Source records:
◇ ◇ ◇

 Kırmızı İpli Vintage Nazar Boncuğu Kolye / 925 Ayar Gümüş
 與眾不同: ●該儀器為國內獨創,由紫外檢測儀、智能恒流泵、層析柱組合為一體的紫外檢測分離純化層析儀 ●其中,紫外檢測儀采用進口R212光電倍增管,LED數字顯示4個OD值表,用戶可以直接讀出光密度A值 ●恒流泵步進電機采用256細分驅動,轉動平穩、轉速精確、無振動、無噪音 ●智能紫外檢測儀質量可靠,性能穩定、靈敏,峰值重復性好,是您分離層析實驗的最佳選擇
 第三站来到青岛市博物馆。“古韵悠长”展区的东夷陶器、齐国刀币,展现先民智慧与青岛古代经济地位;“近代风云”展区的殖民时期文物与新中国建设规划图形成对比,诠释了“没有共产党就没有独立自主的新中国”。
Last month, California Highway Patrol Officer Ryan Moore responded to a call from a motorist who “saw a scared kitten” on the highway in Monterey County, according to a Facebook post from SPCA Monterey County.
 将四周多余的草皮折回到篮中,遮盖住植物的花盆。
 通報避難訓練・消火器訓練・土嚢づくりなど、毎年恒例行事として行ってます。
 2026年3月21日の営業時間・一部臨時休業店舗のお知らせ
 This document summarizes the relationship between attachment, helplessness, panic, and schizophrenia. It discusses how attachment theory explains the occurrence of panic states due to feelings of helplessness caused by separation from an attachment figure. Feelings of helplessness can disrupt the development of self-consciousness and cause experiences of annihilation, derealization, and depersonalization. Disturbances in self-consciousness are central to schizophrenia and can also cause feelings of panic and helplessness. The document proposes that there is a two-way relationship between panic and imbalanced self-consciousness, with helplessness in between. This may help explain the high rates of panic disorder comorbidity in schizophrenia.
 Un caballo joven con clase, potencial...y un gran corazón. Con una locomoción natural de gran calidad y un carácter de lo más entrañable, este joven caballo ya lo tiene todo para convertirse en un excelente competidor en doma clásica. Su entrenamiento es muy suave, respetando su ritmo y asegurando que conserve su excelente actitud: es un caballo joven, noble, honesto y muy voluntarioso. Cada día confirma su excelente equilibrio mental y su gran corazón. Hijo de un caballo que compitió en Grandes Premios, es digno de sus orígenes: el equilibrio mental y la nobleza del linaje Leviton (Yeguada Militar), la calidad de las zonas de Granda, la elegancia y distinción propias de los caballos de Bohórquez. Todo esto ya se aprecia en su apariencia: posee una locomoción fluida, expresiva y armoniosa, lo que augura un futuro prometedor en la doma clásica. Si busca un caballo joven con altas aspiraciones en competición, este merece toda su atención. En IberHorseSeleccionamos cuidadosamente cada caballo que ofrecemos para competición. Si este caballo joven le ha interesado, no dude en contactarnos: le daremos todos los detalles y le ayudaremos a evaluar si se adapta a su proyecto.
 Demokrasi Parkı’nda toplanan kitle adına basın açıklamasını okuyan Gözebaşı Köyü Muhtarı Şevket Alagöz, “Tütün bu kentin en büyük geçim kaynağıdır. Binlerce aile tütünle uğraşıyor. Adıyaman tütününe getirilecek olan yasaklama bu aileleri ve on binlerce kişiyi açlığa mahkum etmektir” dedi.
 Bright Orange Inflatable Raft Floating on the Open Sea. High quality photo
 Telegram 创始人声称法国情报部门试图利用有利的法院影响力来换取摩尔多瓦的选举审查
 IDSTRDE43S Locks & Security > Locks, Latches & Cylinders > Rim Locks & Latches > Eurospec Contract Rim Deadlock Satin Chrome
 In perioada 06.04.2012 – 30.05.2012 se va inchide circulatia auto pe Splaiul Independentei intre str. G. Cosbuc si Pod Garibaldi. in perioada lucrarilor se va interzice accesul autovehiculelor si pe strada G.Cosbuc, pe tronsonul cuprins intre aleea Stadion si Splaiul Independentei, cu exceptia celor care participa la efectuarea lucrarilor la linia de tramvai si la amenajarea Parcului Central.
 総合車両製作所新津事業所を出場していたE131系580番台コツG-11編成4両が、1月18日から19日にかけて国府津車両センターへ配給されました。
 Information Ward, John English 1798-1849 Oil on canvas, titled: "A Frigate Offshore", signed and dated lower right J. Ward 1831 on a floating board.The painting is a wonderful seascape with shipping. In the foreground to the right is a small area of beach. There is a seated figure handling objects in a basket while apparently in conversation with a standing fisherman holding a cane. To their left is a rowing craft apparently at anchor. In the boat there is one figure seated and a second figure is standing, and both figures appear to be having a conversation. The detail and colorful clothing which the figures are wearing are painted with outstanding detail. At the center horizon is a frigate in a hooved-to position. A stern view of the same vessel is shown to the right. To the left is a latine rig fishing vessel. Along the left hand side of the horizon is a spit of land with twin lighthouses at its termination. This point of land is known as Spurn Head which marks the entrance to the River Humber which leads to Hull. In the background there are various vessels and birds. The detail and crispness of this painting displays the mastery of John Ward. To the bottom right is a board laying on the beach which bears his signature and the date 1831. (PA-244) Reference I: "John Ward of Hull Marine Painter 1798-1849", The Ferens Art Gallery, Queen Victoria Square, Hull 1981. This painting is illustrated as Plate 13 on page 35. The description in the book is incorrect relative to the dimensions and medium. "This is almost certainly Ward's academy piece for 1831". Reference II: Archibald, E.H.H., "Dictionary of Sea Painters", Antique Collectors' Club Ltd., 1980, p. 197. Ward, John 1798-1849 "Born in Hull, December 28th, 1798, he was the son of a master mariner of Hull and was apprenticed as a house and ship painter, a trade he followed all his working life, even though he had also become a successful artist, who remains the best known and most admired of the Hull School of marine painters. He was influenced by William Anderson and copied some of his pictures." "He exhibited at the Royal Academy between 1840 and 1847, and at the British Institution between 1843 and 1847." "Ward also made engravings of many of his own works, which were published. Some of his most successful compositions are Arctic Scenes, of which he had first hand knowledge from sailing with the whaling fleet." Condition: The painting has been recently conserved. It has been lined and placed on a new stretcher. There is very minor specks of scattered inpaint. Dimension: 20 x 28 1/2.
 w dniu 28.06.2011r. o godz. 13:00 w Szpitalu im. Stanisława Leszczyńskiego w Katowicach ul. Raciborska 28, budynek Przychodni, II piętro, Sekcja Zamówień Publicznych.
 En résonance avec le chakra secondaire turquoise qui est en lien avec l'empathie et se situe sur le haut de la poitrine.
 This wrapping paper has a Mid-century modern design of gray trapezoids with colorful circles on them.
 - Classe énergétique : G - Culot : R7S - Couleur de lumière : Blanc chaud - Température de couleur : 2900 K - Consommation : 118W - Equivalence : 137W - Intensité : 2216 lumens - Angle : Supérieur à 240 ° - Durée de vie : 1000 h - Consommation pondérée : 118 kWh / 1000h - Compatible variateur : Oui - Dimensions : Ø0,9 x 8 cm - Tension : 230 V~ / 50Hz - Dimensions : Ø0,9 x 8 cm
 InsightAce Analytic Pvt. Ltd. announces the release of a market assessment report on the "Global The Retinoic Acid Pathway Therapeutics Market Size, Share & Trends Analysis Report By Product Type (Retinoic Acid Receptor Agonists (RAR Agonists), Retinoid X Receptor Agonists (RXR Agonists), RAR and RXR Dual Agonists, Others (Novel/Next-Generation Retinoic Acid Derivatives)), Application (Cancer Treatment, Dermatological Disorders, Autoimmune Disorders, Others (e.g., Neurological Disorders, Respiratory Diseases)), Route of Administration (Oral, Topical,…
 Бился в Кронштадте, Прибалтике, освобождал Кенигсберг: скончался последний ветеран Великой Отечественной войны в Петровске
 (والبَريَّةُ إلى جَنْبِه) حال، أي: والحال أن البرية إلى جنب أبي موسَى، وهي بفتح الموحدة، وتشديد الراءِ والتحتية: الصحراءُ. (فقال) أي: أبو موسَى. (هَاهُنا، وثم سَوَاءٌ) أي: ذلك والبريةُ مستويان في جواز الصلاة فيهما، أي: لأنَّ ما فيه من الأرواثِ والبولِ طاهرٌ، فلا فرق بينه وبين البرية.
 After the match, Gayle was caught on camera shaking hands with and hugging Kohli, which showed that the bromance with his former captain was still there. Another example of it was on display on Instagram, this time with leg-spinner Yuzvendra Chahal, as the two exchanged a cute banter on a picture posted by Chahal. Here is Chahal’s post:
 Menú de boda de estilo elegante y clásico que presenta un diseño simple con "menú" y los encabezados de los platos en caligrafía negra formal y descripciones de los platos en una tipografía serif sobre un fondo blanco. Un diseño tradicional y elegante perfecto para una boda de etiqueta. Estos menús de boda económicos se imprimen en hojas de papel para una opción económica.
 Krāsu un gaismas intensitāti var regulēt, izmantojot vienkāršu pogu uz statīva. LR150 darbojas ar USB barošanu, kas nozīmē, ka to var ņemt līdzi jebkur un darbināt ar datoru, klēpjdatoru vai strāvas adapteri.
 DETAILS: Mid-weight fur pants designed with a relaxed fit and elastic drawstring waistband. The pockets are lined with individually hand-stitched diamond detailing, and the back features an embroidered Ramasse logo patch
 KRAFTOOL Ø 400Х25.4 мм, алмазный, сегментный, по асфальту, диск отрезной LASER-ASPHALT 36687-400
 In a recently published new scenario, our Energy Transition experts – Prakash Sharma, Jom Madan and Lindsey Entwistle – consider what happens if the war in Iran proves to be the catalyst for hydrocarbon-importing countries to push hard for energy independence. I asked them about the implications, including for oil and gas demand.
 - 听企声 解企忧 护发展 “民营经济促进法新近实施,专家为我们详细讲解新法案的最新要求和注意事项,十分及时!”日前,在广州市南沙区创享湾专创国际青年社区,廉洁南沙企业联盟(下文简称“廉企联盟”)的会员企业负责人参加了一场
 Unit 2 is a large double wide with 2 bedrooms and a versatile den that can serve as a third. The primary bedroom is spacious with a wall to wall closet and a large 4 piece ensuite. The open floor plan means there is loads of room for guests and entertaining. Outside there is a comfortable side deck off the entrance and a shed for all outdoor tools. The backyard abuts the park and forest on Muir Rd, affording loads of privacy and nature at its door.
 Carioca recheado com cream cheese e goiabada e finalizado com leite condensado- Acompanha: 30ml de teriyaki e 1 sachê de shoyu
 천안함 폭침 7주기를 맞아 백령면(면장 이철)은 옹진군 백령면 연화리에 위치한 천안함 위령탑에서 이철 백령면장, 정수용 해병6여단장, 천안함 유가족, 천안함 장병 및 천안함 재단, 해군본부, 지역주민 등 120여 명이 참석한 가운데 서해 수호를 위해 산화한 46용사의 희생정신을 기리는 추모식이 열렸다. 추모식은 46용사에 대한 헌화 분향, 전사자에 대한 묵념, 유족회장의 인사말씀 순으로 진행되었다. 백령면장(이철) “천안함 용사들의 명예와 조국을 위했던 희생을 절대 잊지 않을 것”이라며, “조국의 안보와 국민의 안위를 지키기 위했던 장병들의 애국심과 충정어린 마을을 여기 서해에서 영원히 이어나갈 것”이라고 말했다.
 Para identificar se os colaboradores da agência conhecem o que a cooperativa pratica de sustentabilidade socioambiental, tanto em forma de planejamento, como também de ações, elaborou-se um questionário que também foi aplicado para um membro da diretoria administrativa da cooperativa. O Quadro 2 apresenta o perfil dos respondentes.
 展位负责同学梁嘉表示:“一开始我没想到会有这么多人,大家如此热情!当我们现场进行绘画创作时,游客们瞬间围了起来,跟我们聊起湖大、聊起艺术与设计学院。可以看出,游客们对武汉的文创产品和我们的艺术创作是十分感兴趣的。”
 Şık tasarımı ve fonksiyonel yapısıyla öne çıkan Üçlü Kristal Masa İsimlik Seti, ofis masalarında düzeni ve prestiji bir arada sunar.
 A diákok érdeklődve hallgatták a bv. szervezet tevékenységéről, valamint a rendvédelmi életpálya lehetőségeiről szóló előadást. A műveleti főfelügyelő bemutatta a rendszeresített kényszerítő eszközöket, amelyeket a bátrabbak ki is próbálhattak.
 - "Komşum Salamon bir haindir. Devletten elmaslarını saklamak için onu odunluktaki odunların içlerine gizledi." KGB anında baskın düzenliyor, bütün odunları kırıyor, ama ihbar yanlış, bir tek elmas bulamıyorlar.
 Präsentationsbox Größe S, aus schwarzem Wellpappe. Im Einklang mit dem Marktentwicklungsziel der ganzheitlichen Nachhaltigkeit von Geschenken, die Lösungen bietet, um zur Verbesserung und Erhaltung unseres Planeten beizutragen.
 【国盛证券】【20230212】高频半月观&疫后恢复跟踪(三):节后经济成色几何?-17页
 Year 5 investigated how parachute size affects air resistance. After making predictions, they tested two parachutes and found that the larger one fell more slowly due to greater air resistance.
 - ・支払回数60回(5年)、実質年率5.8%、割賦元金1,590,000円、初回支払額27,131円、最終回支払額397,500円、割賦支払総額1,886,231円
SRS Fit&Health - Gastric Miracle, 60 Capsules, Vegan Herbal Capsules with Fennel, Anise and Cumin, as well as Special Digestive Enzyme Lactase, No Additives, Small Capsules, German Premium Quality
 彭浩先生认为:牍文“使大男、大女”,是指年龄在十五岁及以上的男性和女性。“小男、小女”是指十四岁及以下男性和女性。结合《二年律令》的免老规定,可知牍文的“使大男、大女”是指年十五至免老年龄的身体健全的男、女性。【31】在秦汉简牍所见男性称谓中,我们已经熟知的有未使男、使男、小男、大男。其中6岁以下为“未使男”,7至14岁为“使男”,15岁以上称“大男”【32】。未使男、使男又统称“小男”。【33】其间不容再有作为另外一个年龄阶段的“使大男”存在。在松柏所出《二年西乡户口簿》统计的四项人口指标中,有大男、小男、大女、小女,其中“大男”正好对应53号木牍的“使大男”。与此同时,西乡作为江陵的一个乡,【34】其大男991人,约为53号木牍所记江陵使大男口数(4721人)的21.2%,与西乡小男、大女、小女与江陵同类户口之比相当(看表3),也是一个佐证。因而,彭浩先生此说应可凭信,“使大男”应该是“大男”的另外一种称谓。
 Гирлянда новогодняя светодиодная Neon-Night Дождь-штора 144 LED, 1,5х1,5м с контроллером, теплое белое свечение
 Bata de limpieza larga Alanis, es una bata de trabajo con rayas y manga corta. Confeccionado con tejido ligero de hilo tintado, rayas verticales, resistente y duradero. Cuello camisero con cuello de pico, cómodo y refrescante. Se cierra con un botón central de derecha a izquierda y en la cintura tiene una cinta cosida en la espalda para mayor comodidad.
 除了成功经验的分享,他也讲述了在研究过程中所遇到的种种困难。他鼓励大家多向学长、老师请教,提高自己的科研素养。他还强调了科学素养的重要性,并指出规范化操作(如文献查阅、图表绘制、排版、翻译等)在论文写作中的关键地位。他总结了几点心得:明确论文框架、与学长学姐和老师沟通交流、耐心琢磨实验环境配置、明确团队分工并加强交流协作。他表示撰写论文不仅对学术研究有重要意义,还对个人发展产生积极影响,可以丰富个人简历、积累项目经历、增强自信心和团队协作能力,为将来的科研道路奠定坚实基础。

◇ ◇ ◇

* [Task details]:
Here the output must be the lines above from the line with "In a recently" to the line with "- 听企声 解企忧 护发展", both included, duplicated word for word and nothing else.

* [Solution for this exercise]:
 In a recently published new scenario, our Energy Transition experts – Prakash Sharma, Jom Madan and Lindsey Entwistle – consider what happens if the war in Iran proves to be the catalyst for hydrocarbon-importing countries to push hard for energy independence. I asked them about the implications, including for oil and gas demand.
 - 听企声 解企忧 护发展 “民营经济促进法新近实施,专家为我们详细讲解新法案的最新要求和注意事项,十分及时!”日前,在广州市南沙区创享湾专创国际青年社区,廉洁南沙企业联盟(下文简称“廉企联盟”)的会员企业负责人参加了一场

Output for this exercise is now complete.